Hello @yit ,
You can’t. An “empty struct” is treated as a fixed struct with zero fields, so AutoLoader will not expand it later. The NOTE in the screenshot applies to JSON just as much as Parquet/Avro/CSV.
If your goal is “discover whatever shows up under payload and keep adding new sub-fields,” simply don’t specify a hint for payload. AutoLoader will infer and evolve nested fields as and when they appear.
Example code(You can run it anywhere):
base = "/tmp/repro_empty_struct_json/input"
out = "/tmp/repro_empty_struct_json/out_empty_struct"

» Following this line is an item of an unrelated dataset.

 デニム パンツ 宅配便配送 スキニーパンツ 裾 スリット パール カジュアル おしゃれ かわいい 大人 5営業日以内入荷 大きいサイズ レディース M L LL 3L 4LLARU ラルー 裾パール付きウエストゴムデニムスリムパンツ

chk = "/tmp/repro_empty_struct_json/chk"
schema = "/tmp/repro_empty_struct_json/schema"
# cleanup
for p in [base, out, chk,schema]:
_ = dbutils.fs.rm(p, True)
# two files: second file introduces a new nested subfield "bar"
dbutils.fs.mkdirs(base)
dbutils.fs.put(f"{base}/file1.json", """{"id":1,"payload":{"foo":"x"}}""", True)
dbutils.fs.put(f"{base}/file2.json", """{"id":2,"payload":{"foo":"y","bar":123}}""", True)
spark.conf.set("spark.databricks.delta.schema.autoMerge.enabled", "true") # writer evolution
### Run the below code###
dfB = (spark.readStream
.format("cloudFiles")
.option("cloudFiles.format", "json")
.option("cloudFiles.schemaLocation", schema)
.option("cloudFiles.inferColumnTypes", "true")
.option("cloudFiles.schemaEvolutionMode", "addNewColumns")
# no schemaHints for payload
.load(base))
qB = (dfB.writeStream
.format("delta")
.option("checkpointLocation", chk)
.trigger(availableNow=True)
.start(out))
qB.awaitTermination()
spark.read.format("delta").load(out).printSchema()
print("C) Data:")
display(spark.read.format("delta").load(out))
##### Add a new file with more subfields####
dbutils.fs.put(f"{base}/file3.json",
"""{"id":2,"payload":{"foo":"y","bar":123,"abc":{"foo1":"x"}}}""",
True)
#### Re-run the above code again ###
You will see that the job will fail for the first time, and once you retry ,it will ivolve the schema automatically and provide the expected schema and result
Please do let me know if you have any further questions. Thanks!